What you should give back is a precise copy of the lines below from the one containing "Übers Wasser rasen" through the one containing "довжина шпонки l=56", with no pictures.

+++ Data extract

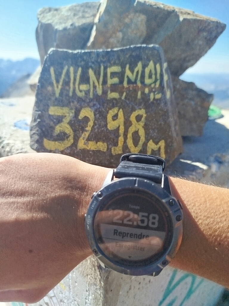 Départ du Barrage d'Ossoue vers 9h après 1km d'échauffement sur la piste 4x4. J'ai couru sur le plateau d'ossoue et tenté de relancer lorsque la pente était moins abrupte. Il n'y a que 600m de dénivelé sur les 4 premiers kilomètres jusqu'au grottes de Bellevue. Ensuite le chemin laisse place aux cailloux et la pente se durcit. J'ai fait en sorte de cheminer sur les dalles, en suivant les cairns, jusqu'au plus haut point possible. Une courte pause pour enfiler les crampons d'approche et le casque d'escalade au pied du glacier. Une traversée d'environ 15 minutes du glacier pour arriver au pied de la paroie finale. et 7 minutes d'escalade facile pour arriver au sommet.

++++++
+++ Data extract

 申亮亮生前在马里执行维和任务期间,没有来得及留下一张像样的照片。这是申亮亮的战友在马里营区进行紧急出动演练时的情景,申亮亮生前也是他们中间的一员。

++++++
+++ Data extract

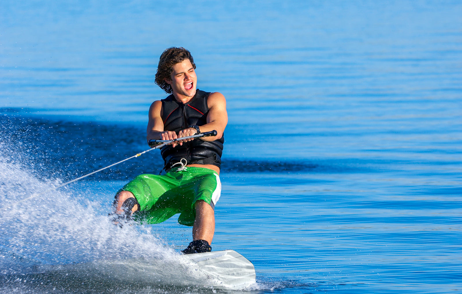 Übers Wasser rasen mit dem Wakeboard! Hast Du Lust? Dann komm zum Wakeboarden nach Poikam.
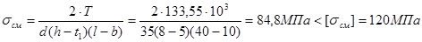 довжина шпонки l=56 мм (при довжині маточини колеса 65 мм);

++++++

Response to the task =
 Übers Wasser rasen mit dem Wakeboard! Hast Du Lust? Dann komm zum Wakeboarden nach Poikam.
 довжина шпонки l=56 мм (при довжині маточини колеса 65 мм);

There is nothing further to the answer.